Work instruction
Once the pictures are set aside, output all the records exactly.

Data entries:
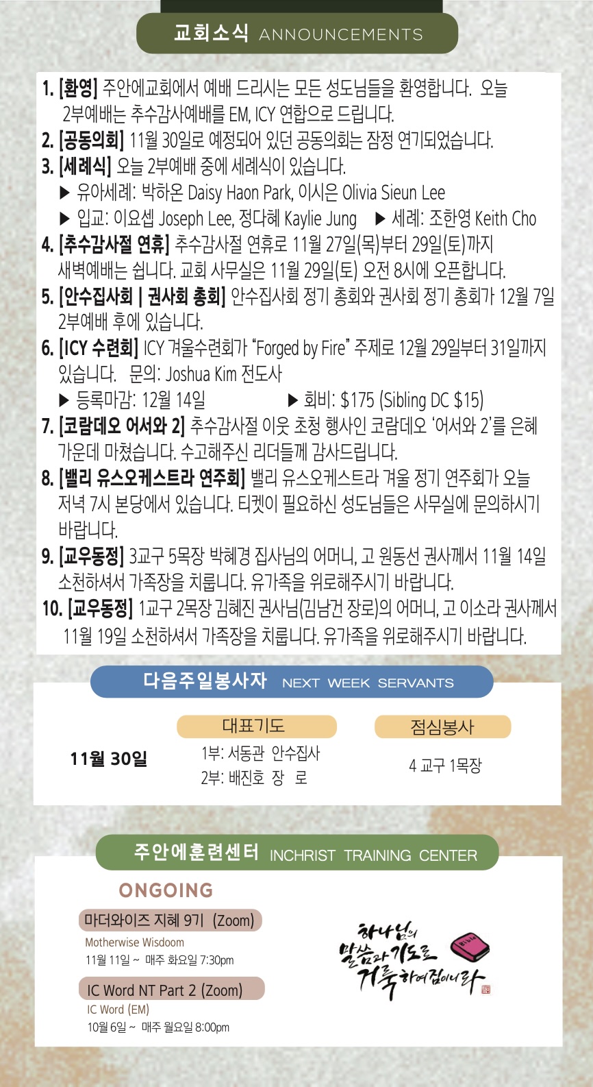 주보 11월 23일 주보 Total 643건 1 페이지 주보 목록 12월 14일 주보 12월 7일 주보 11월 30일 주보 11월 23일 주보 11월 16일 주보 11월 9일 주보 11월 2일 주보 10월 26일 주보 10월 19일 주보 10월 12일 주보 열린1페이지 2페이지 3페이지 4페이지 5페이지 6페이지 7페이지 8페이지 9페이지 10페이지 다음 맨끝
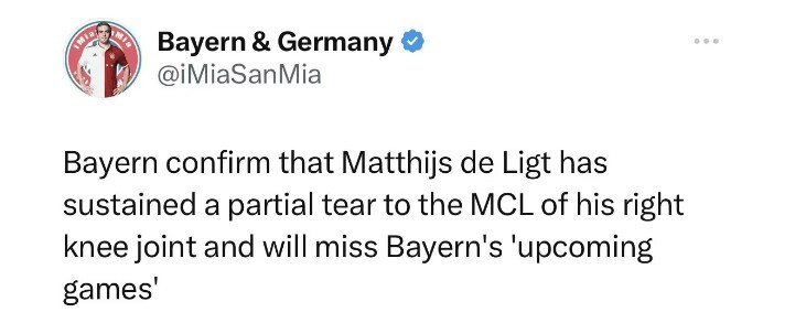 北京时间11月2日,拜仁确认荷兰中卫德里赫特右膝关节内侧副韧带部分撕裂,无缘本周末的国家德比。
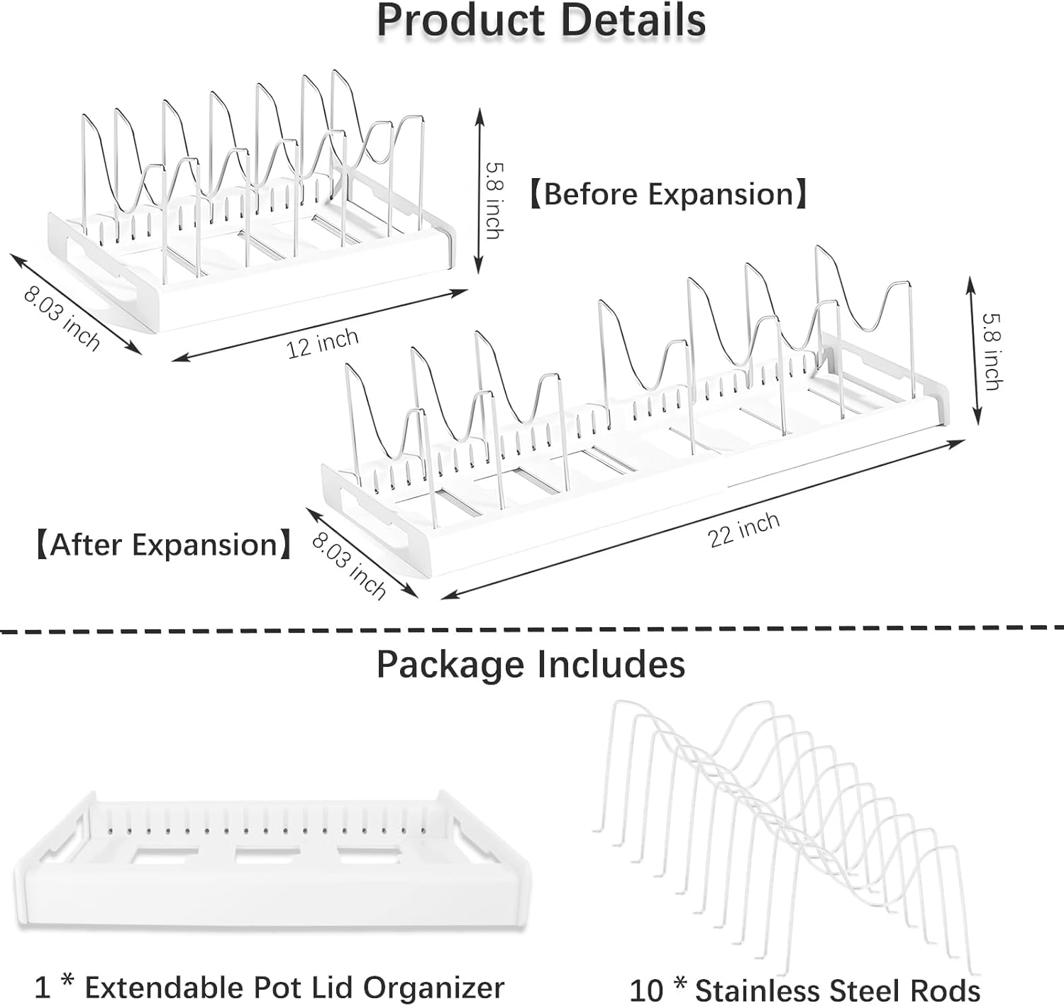 - EXTENDABLE POT LID ORGANIZER - The pot organizers inside cabinet expands from 12''-22'' wide to maximize you can set this pan organizers inside cabinet to the size you want space in any cabinet
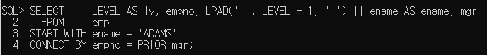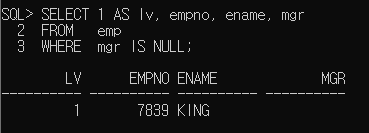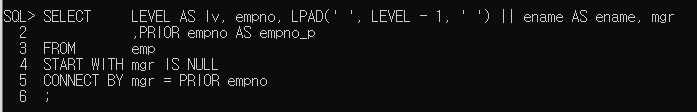 | 연산자 | PRIOR | 직전 상위 노드의 값을 반환 |
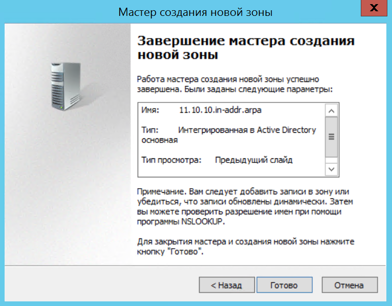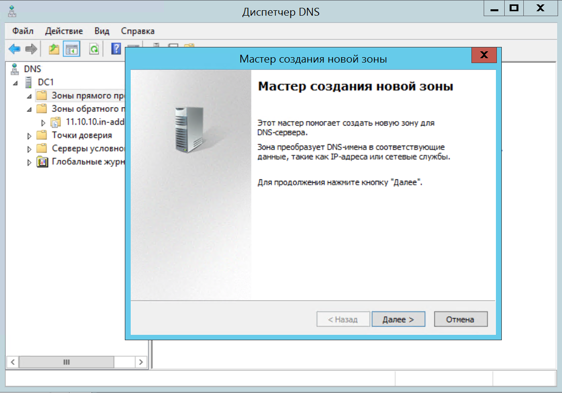 В ходе установки конфигурации AD DS, система будет перезагружена. После перезагрузки добавим зону обратного просмотра в DNS. Зоны обратного просмотра служат для разрешения IP-адресов в имена устройств.
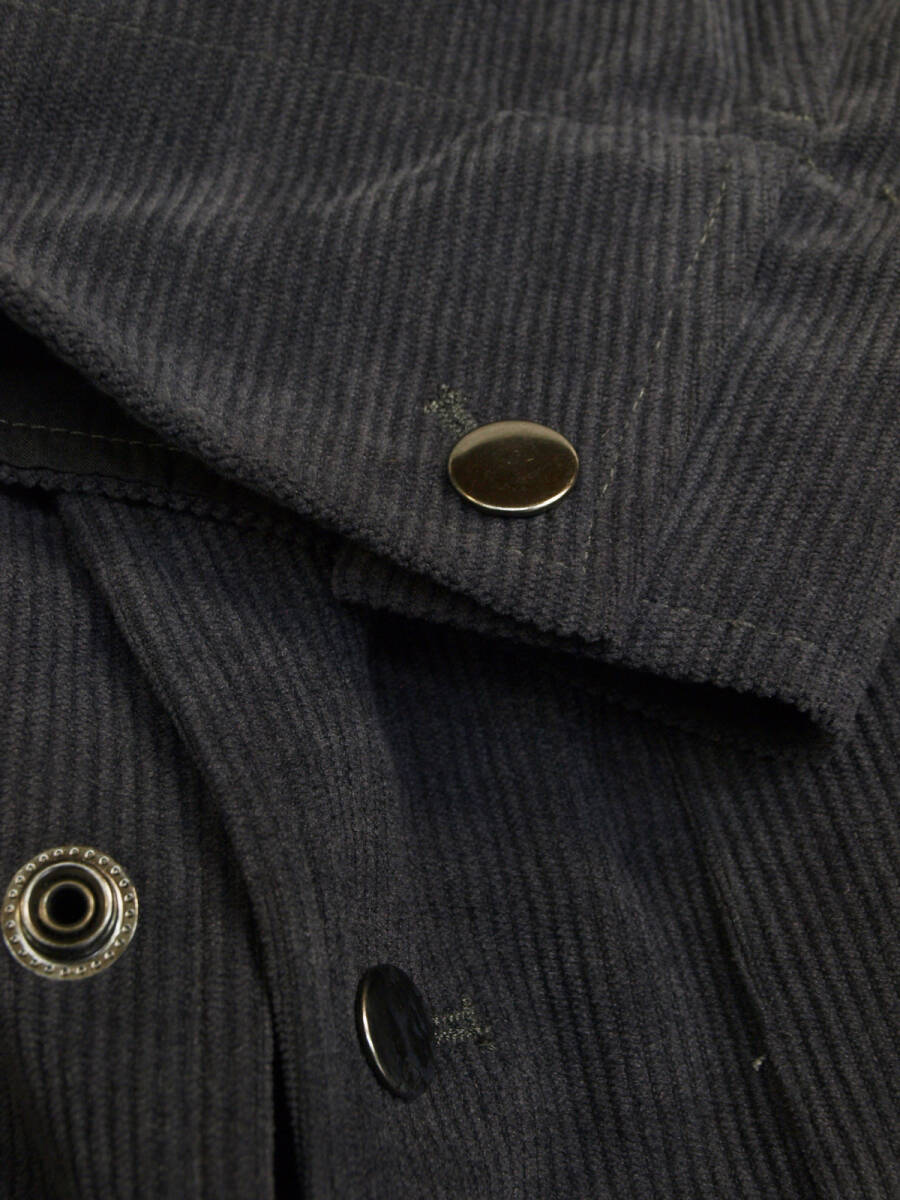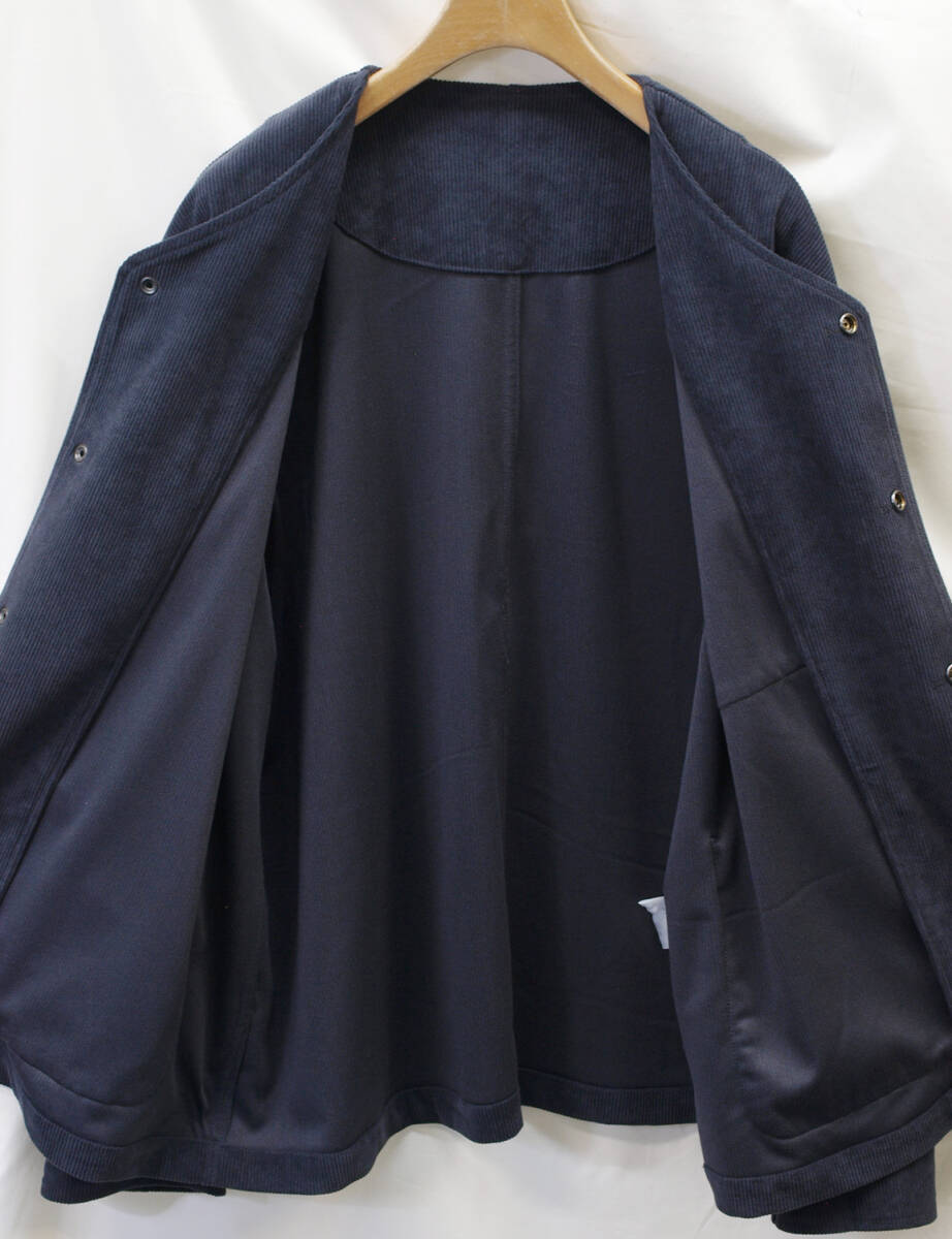 【サイズ】 M (A5~AB5号サイズ相当) 目安の体型 身長165cm~175cm、ウエストサイズ72cm~95cm 【ジャケット実寸】 肩幅59cm 着丈67cm 袖丈57.5cm 脇下部分60cm 身幅60cm 【パンツ実寸】 ウエスト(胴回り実寸)最小72cm~最大95cm(ウエストゴム仕様) わたり幅36cm(股下10cmの部位で33.5cm) 裾幅20cm 脇股上29cm 前股上33.5cm 股下68cm(三つ折りで裾上げ済の状態/新品) 【素材】 表地:ポリエステル100% 裏地:胴裏/なし 袖裏/なし 秋冬向けやや厚手ポリエステルコーデュロイ素材を使用 【色】 濃いグレー 【柄】 無地 【デザイン】 ゆったりとしたオーバーサイズのビッグシルエット、カーディガンスーツ新品、裾上げしていない状態です。 ・ジャケットはノーカラーでシングルスナップボタン、カーディガンスーツ、ゆったりシルエット ・パンツはゆったりシルエットの短め丈ウエストシャーリングパンツ 秋冬対応商品です。 【縫製仕様】 ・ジャケットはノーカラー、前身5つのスナップボタン、アウトポケット、胸ポケット/アウトポケット、肩パットなし、袖口スナップボタン1つ、ノーベント、内ポケットなし、裏地なし ・パンツはノータック、ベルトループ付き、ウエスト部分ゴムシャーリング、内側にドローストリング(紐付き)、膝裏当てなし、脇ポケット斜め付け、後ろポケット右左ともにアウトポケット、フロントはファスナーでボタン仕様

Answer area
 주보 11월 23일 주보 Total 643건 1 페이지 주보 목록 12월 14일 주보 12월 7일 주보 11월 30일 주보 11월 23일 주보 11월 16일 주보 11월 9일 주보 11월 2일 주보 10월 26일 주보 10월 19일 주보 10월 12일 주보 열린1페이지 2페이지 3페이지 4페이지 5페이지 6페이지 7페이지 8페이지 9페이지 10페이지 다음 맨끝
 北京时间11月2日,拜仁确认荷兰中卫德里赫特右膝关节内侧副韧带部分撕裂,无缘本周末的国家德比。
 - EXTENDABLE POT LID ORGANIZER - The pot organizers inside cabinet expands from 12''-22'' wide to maximize you can set this pan organizers inside cabinet to the size you want space in any cabinet
 | 연산자 | PRIOR | 직전 상위 노드의 값을 반환 |
 В ходе установки конфигурации AD DS, система будет перезагружена. После перезагрузки добавим зону обратного просмотра в DNS. Зоны обратного просмотра служат для разрешения IP-адресов в имена устройств.
 【サイズ】 M (A5~AB5号サイズ相当) 目安の体型 身長165cm~175cm、ウエストサイズ72cm~95cm 【ジャケット実寸】 肩幅59cm 着丈67cm 袖丈57.5cm 脇下部分60cm 身幅60cm 【パンツ実寸】 ウエスト(胴回り実寸)最小72cm~最大95cm(ウエストゴム仕様) わたり幅36cm(股下10cmの部位で33.5cm) 裾幅20cm 脇股上29cm 前股上33.5cm 股下68cm(三つ折りで裾上げ済の状態/新品) 【素材】 表地:ポリエステル100% 裏地:胴裏/なし 袖裏/なし 秋冬向けやや厚手ポリエステルコーデュロイ素材を使用 【色】 濃いグレー 【柄】 無地 【デザイン】 ゆったりとしたオーバーサイズのビッグシルエット、カーディガンスーツ新品、裾上げしていない状態です。 ・ジャケットはノーカラーでシングルスナップボタン、カーディガンスーツ、ゆったりシルエット ・パンツはゆったりシルエットの短め丈ウエストシャーリングパンツ 秋冬対応商品です。 【縫製仕様】 ・ジャケットはノーカラー、前身5つのスナップボタン、アウトポケット、胸ポケット/アウトポケット、肩パットなし、袖口スナップボタン1つ、ノーベント、内ポケットなし、裏地なし ・パンツはノータック、ベルトループ付き、ウエスト部分ゴムシャーリング、内側にドローストリング(紐付き)、膝裏当てなし、脇ポケット斜め付け、後ろポケット右左ともにアウトポケット、フロントはファスナーでボタン仕様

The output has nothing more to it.